An extraordinary memorial process is under way.
Rhinos slain by poachers are being painted as a form of creative elegy by Dr Div de Villiers, the former Eastern Cape Green Scorpions leader who took on rhino poachers in the province and brought down numbers of slayings dramatically.
The tall, bearded investigator, now retired from the government, has turned the emotions built up during this gruelling and numbing period into art.
One of his first paintings shows rhinos grouped as a family in their gorgeous Eastern Cape game reserve setting.
With him in this section of his colourful and distinguished journey through Eastern Cape conservation is his partner and art teacher, celebrated painter Juliet Greig.
She held De Villiers’s hand metaphorically during the process, but was also firm when it came to the work of making art.

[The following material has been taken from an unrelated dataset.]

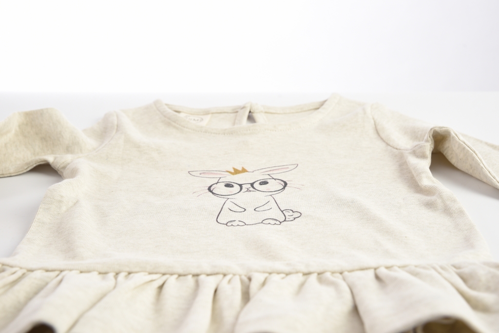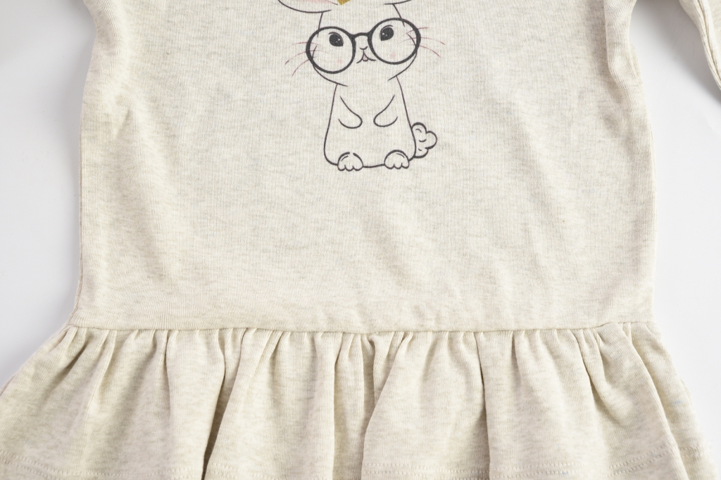 Uzun kollu, bej renk organik boya tavşan desenli , etek kısmı fırfırlı , likralı süprem pamuklu kumaş sweatshirt

The painting was still drying when it was displayed at a talk De Villiers gave on the power of art to raise issues of conservation and the environment at the monthly dinner held by the Gonubie Estuary and Marine Community (Gem) at the Gonubie Sports Club.
De Villiers said one of the rhinos in the painting had been created as a memorial to a rhino slaying he had investigated.
“These were some of the rhinos which existed on the Mpongo Private Game Reserve before their demise as a result of various disasters, including poaching,” he said.
In his speech, his voice rose and he became visibly strained as he raised a slide of four rhinos lying on their backs, chunky limbs in the air like toppled statues.
He said the first act of poaching had left him and the team of officers and Shamwari Private Game Reserve rangers and staff shattered and disheartened.
As the numbers of carcasses and bleeding dying rhinos rose, he had become numbed and had gone into action mode.
However, after the arrest and jailing of the notorious Ndlovu gang, and his retirement at 60 as director of compliance and enforcement at the department of economic development environmental affairs and tourism two years ago, he has had time to reflect.
I intend recording, through art, some of the Eastern Cape rhinos which lived on iconic provincial game reserves before being poached
“I intend recording, through art, some of the Eastern Cape rhinos which lived on iconic provincial game reserves before being poached.”
He said art and activism, such as conservation work he had done, had a long history.
While the work of artist Brett Murray, the Spear which depicted then-president Jacob Zuma in a strident revolutionary pose emulating Vladimir Lenin but with Zuma’s private parts exposed, had evoked outrage and controversy, it had made its point.
And after the painting was vandalised by two men who painted a red cross over the offending area and daubed much of the rest of it with black paint, the price for the work went up.
Art, he said, had the power to raise issues of concern and this was one reason he had chosen to paint.
Greig praised De Villiers for his commitment and how he had carried on despite a few delicate moments in the painter-teacher process.
The painting carries both signatures.